Saturday, December 3, 2011

Why Most Boys SUCK ASS

Hearts are breaking as life goes on all around us. That just pisses me off!

We have an absolutely gorgeous, talented 19 year old daughter who of course thinks she's hideous. What is that? Why are women soooooooooooooo under the impression that they aren't worth a damn? And what is it with young men who use someone up and then dump them along the roadside when they don't "FEEL" for them (or anyone else for that matter) anymore?

Boys (other than my own sons and my husband and stepson of course) are the dumbest creatures in creation. "Who am I?" "Who do I want to be?" "How do you fit into my perfect little picture of a life?" "How long can I drag this out to make you doubt yourself and make you as miserable as you can be before I tell you to get lost?"

If I could fix things for her, I would. I'm her mom after all. She's my baby girl.

If I could, I'd make her dreams, all come true.
If I could, I'd make anyone pay who stomped on her heart.
If I could, I'd buy her a magic mirror that would show her exactly what she is.
If I could, I'd make sure that the only tears that fall from her eyes are due to joy.
If I could, I'd use vampire powers to compel her so that she could forget.
If I could, I'd put him on that Ghost Ship where all the people were cut in half by that wire that snapped... and the last thing he'd see is a glowing image of my daughter.
Or maybe, If I could, I'd hand him over to the psycho in "Saw" and tell the freak to make it a blunt, rusty one.
OR!!!!!!!! If I could, I'd tie him to the spot part of the asteroid fell to on "Deep Impact."

I can't do those things though. LAME!!!!

Eh, I probably wouldn't actually hurt the guy. I like him. I actually like him a lot. I think that's why I'm so shell shocked. I just don't LIKE him right now. I'm sure he's hanging with his friends, having a great time while she is sobbing and moving all of her stuff out of his house.

Maybe I could at least give him a horrendous wedgy that rides up to his throat.

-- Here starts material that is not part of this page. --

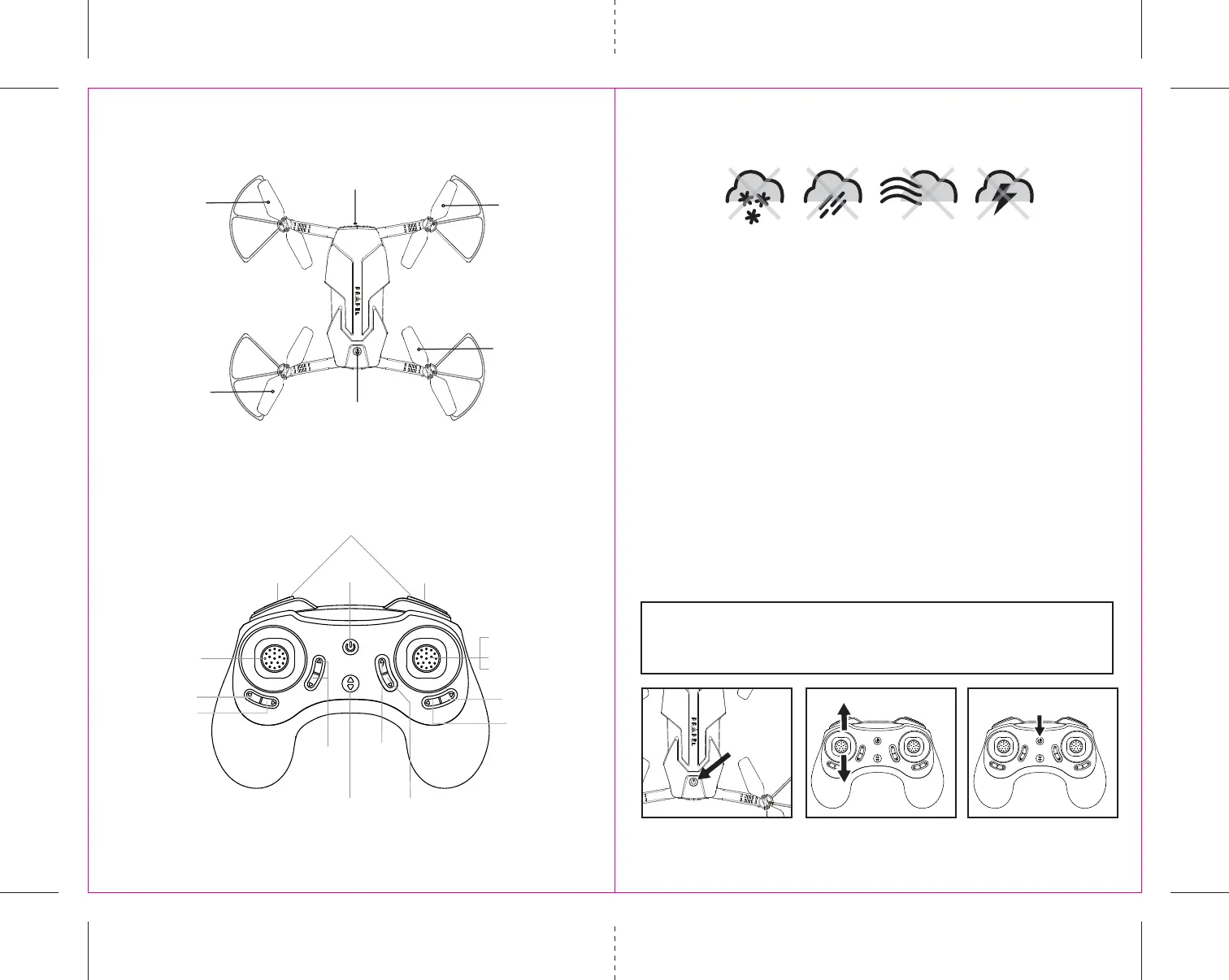 and hold for a few seconds (see diagram D1).The red and white LED lights on the drone should begin to flash

This would be the only time the song "Love Hurts" by Nazareth would be appropriate. Did you know that the name of the man who wrote the song "Love Hurts" is BOUDLEAUX BRYANT????? What in the heckfire kind of name is that anyway??? Were you also aware that the band Nazareth is from Scotland and was formed in 1968? All true. Read it on Wikipedia. That was three years before I was born. Kind of freaks me out a bit.

"I've really learned a lot, really learned a lot. Love is like a flame, it burns you when it's hot. Love hurts. Ooooooooooooooo Love hurts."

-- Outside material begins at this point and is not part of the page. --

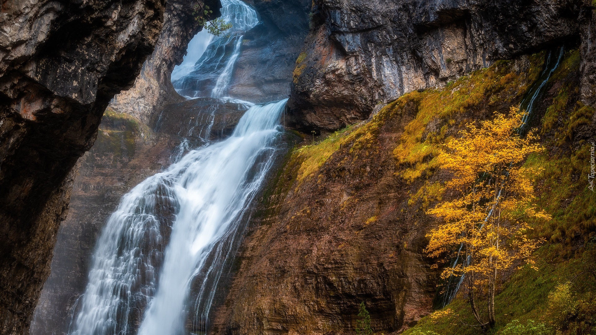 Edytor tapety: Pożółkłe drzewa przy skalnym wodospadzie
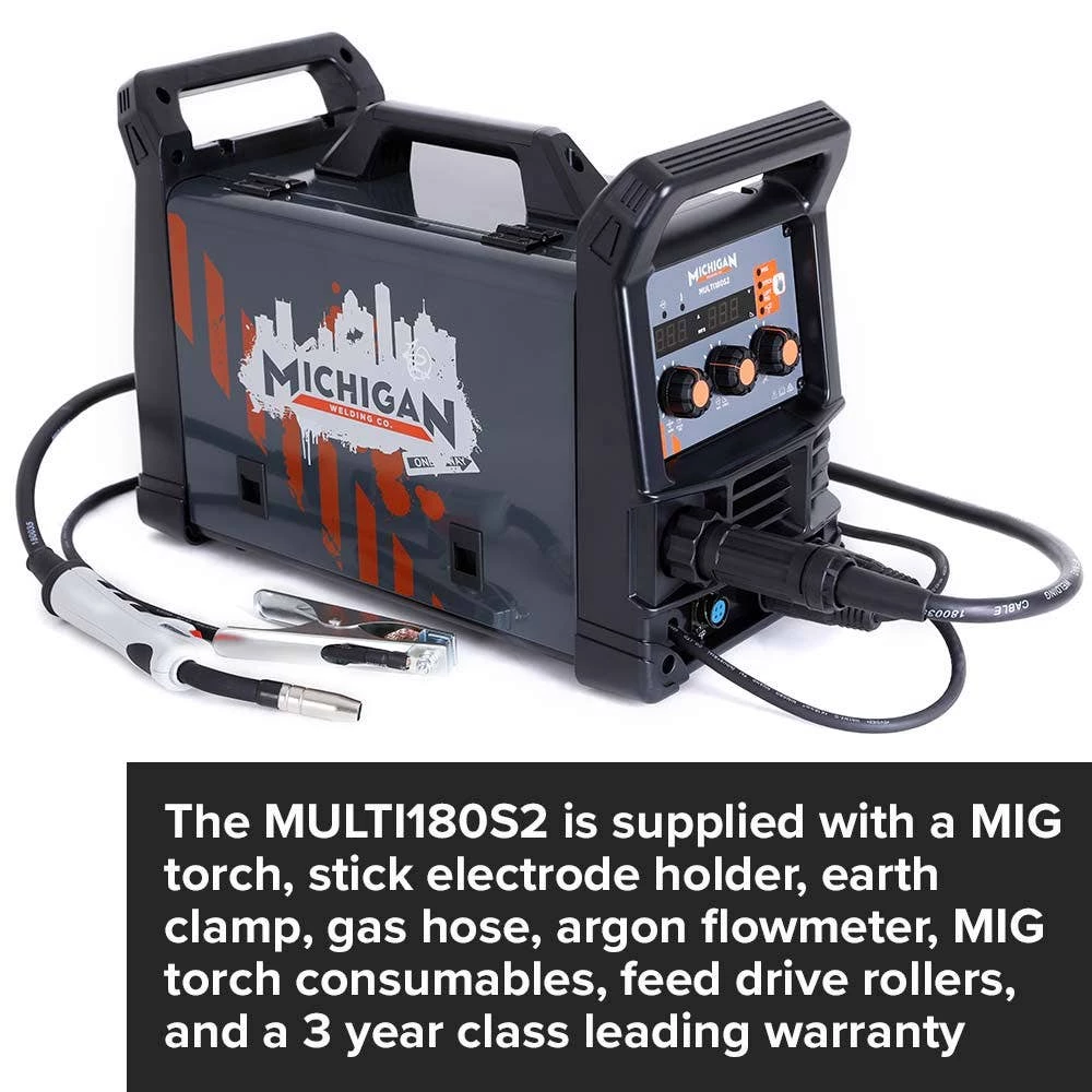 - The MULTI180S2 is supplied with a MIG torch, stick electrode holder, earth clamp, gas hose, argon flowmeter, MIG torch consumables, feed drive rollers, and a 3 year class leading warranty.

Hopefully my daughter is instead listening to songs like "Before He Cheats" by Carrie Underwood. Or "These Boots Are Made For Walkin" by Nancy Sinatra.

Maybe I could just procure some nettles and distribute them through all of his clothing. Or those really really tiny nasty stickers from a cactus that looks all soft and fluffy but is actually the plant from hell.

Well, there's nothing I can actually do at this point. But if you think of anything that might be of help, or a great torture device, let me know!

Mrs. Snarky

Sunday, November 27, 2011

Dreaming of a fast Christmas


I don't hate Christmas. Honestly, I don't. But, for the next month, you can expect me to bitch about the parts of Christmas that I do hate. Here we are, the weekend after Thanksgiving, and I am already sick of all the damned commercials using the "Carol of the Bells" or "The Most Wonderful Time of the Year" and changing the words to their liking. Every time I hear that shit I want to throw something at my TV.

For the first time ever, this year I went out on Black Friday... or rather, Thanksgiving night and into the beginning of Black Friday. It will likely be the last time ever. We showed up at Walmart (not my favorite place) at around 10:30, after being stuck on the interstate for close to an hour driving the final mile and a half to try to exit to all the amazing shopping in the area. It was a special time. When we got there, the place was a zoo. They were offering Blu-Ray players for 50 bucks starting at midnight. Around 25 or 30 people were standing around a pallet with their hands on the things just waiting for the clock to turn to 12, so these people were there for at least an hour and a half just holding their arms out there so they could hurry to the registers and get out with their prize. Of course, at 12:05, nobody was standing there anymore and there were still 25 or 30 of the players left. I guess they'd have had to wait in the line for an extra 15 minutes or so if they hadn't stood there so long. Makes sense.

Most Christmas songs make me feel a little ill. Lots of people love them. Not me. A little over 1/12 of your life is spent during the "Holiday Season." This means that I have to hear the same, tired, crappy songs 1/12 of the time. So far I've been lucky. My least favorite song, which I counted hearing 77 times one year, has not yet pierced my eardrums. But it's coming. It will be the subject of a later post, I promise.

Tonight we put up the tree and some lights, cleaned up some areas that truly needed attention, and had a decent night. This part of Christmas is just fine with me. Sprucing the place up, and spending time with family is nice. The external crap is what makes me hope that it gets over with, and does it quickly.

Wishing you and yours a very Happy and Speedy Holiday Season.